Day 24: Local Model Serving
Running LLMs on your own computer instead of relying on cloud APIs enables cost savings, data privacy, and offline usage. Today we compare the 4 representative tools for local serving.
Ollama: The Easiest Local LLM
Ollama works like Docker — you pull and run models, so you can start running LLMs immediately without configuration.
# After installing Ollama, download models (from the terminal)
# ollama pull llama3.1:8b
# ollama pull gemma2:9b
# ollama run llama3.1:8b # Start chatting
# Call Ollama API from Python
import requests
import json
def ollama_generate(prompt, model="llama3.1:8b"):
"""Generate text via Ollama REST API"""
response = requests.post(
"http://localhost:11434/api/generate",
json={
"model": model,
"prompt": prompt,
"stream": False,
"options": {
"temperature": 0.7,
"top_p": 0.9,
"num_predict": 200,
},
},
)
result = response.json()
return result["response"]
answer = ollama_generate("Tell me 3 advantages of Python.")
print(answer)
# OpenAI-compatible API (use existing code as-is)
from openai import OpenAI
client = OpenAI(base_url="http://localhost:11434/v1", api_key="ollama")

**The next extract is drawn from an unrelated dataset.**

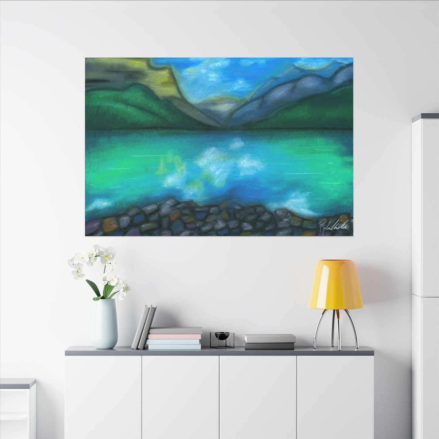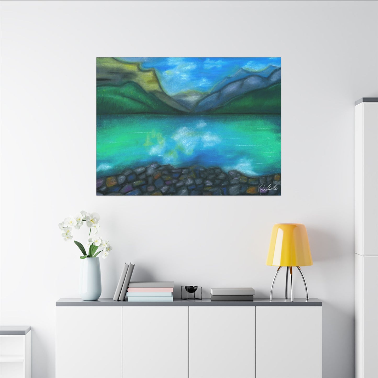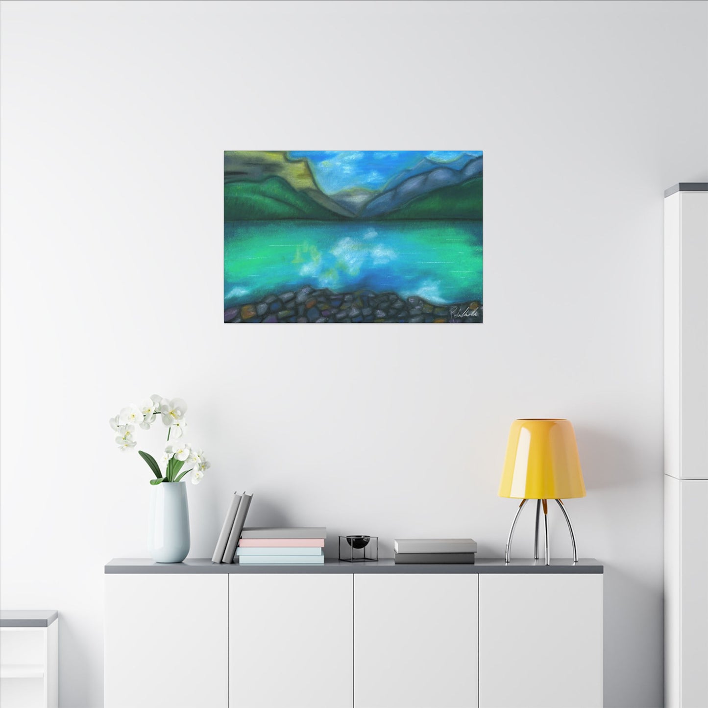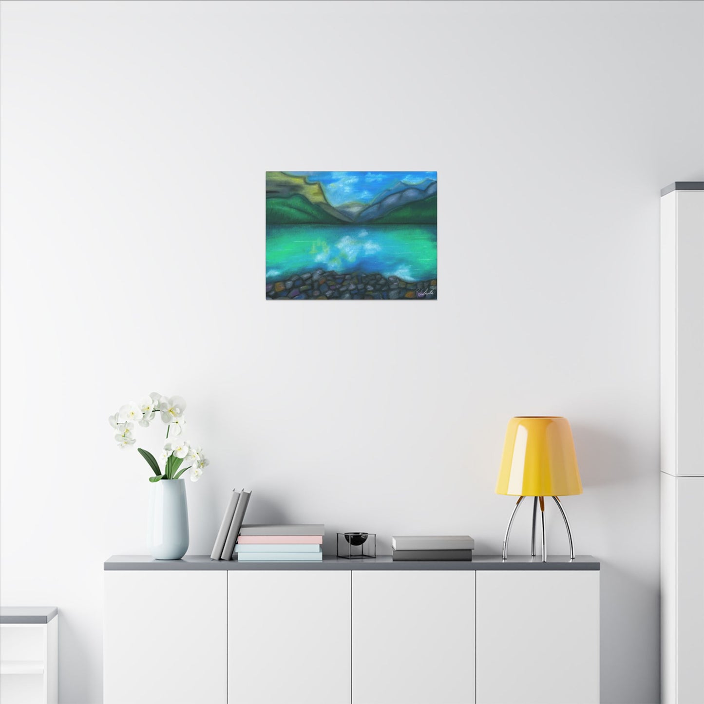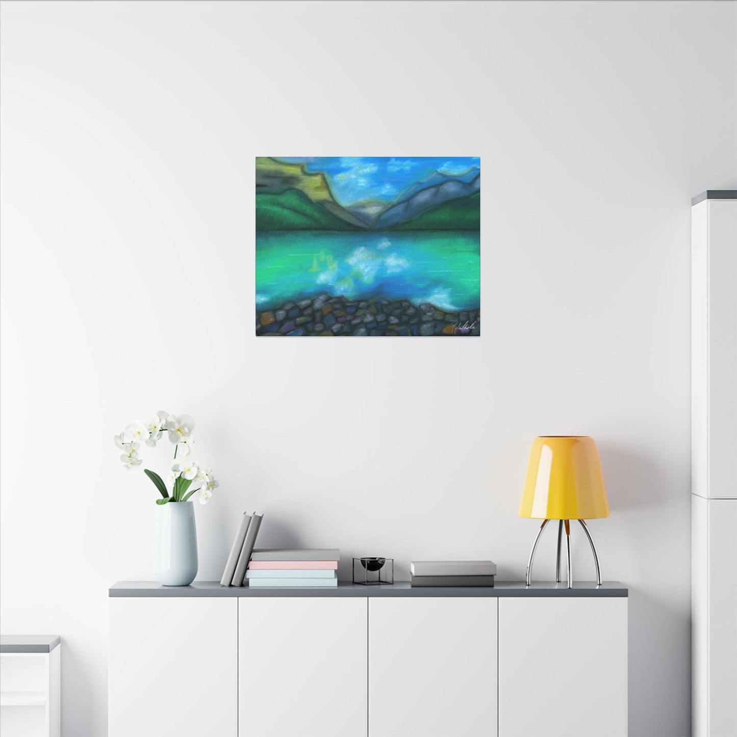 This peaceful mountain lake is perfect for any home. Enjoy this calming escape in this exquisite Canvas Wrap. Perfect for nature lovers and those seeking a unique touch in their home decor. Ideal for gifting during holidays, birthdays, housewarmings, and special occasions.

response = client.chat.completions.create(
model="llama3.1:8b",
messages=[{"role": "user", "content": "Hello!"}],
)
print(response.choices[0].message.content)
vLLM: High-Performance GPU Serving
vLLM is a serving engine that maximizes throughput using PagedAttention technology. It excels when handling requests from multiple users simultaneously.
# pip install vllm
# Start vLLM server from terminal
# vllm serve meta-llama/Llama-3.1-8B-Instruct --port 8000
# Python client
from openai import OpenAI
client = OpenAI(base_url="http://localhost:8000/v1", api_key="not-needed")
response = client.chat.completions.create(
model="meta-llama/Llama-3.1-8B-Instruct",
messages=[
{"role": "system", "content": "Please answer in English."},
{"role": "user", "content": "Explain the difference between machine learning and deep learning."},
],
temperature=0.7,
max_tokens=300,
)
print(response.choices[0].message.content)
# vLLM advantages: continuous batching, PagedAttention, high throughput
# Most recommended for production serving if you have a GPU
llama.cpp: Lightweight CPU-Based Serving
You can run LLMs using only CPU without a GPU. It uses GGUF format quantized models.
# Install llama-cpp-python (CPU version)
# pip install llama-cpp-python
# GPU-accelerated version (CUDA)
# CMAKE_ARGS="-DGGML_CUDA=on" pip install llama-cpp-python
from llama_cpp import Llama
# Load GGUF model
llm = Llama(
model_path="./models/llama-3.1-8b-instruct-q4_k_m.gguf",
n_ctx=4096, # Context length
n_threads=8, # CPU thread count
n_gpu_layers=0, # GPU layers (0 means CPU only)
)
output = llm(
"What is Python?",
max_tokens=200,
temperature=0.7,
top_p=0.9,
echo=False,
)
print(output["choices"][0]["text"])
Serving Tool Comparison Table
comparison = {
"Tool": ["Ollama", "vLLM", "llama.cpp", "Text Gen WebUI"],
"Difficulty": ["Very easy", "Medium", "Medium", "Easy"],
"GPU required": ["No", "Yes", "No", "No"],
"CPU support": ["Yes", "No", "Yes (primary)","Yes"],
"Throughput": ["Medium", "Very high", "Low", "Medium"],
"API compat": ["OpenAI compat","OpenAI compat","Custom API", "OpenAI compat"],
"Recommended": ["Personal use","Production", "CPU server", "Web UI experimentation"],
}
for key, vals in comparison.items():
print(f"{key:14} | {' | '.join(vals)}")
# Selection guide:
# - Want to get started quickly -> Ollama
# - Have a GPU and need production serving -> vLLM
# - No GPU, CPU only -> llama.cpp
# - Want a convenient web UI -> Text Generation WebUI
Today’s Exercises
- Install Ollama and download 3 or more models, then compare response quality and speed for the same question.
- Write a simple chatbot script using Ollama’s OpenAI-compatible API. Implement multi-turn conversation that maintains conversation history.
- When loading a GGUF model with llama.cpp, change
n_gpu_layersto 0, 10, and full, measure inference speed (tokens/sec) for each, and compare.